Single by Fat Joe featuring Ginuwine

from the album Loyalty
- Released: August 27, 2002
- Recorded: 2002
- Genre: Hip hop
- Label: Terror Squad; Atlantic;
- Songwriters: Joseph Cartagena; Elgin Lumpkin; Larry Gates; John Eaddy; Marcello Valenzano; Andre Lyon;
- Producer: Larry "Precision" Gates

Fat Joe singles chronology
| "What's Luv?" (2002) | "Crush Tonight" (2002) | "All I Need" (2003) |

Ginuwine singles chronology
| "Stingy" (2002) | "Crush Tonight" (2002) | "Hell Yeah" (2002) |

= Crush Tonight =

"Crush Tonight" is a song performed by American rapper Fat Joe featuring American R&B singer Ginuwine. It was released on August 27, 2002 via Atlantic Records as the lead single from Fat Joe's fifth studio album Loyalty. Written by Fat Joe, Ginuwine, Larry "Precision" Gates, Armageddon, Cool & Dre, it was produced by Precision. An accompanying music video was directed by Benny Boom.
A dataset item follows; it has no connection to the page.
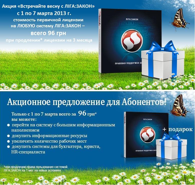 Компания «Форт.Одесса» сообщает Вам о проведении акции «Встречайте весну с ЛІГА:ЗАКОН»

In the United States, the song peaked at number 77 on the Billboard Hot 100, number 29 on both the Hot R&B/Hip-Hop Songs and the R&B/Hip-Hop Airplay, and number 17 on the Hot Rap Songs charts. It also made it to number 42 on the UK singles chart and number 12 on the UK Official Hip Hop and R&B Singles Chart, as well as reaching number 92 in Germany.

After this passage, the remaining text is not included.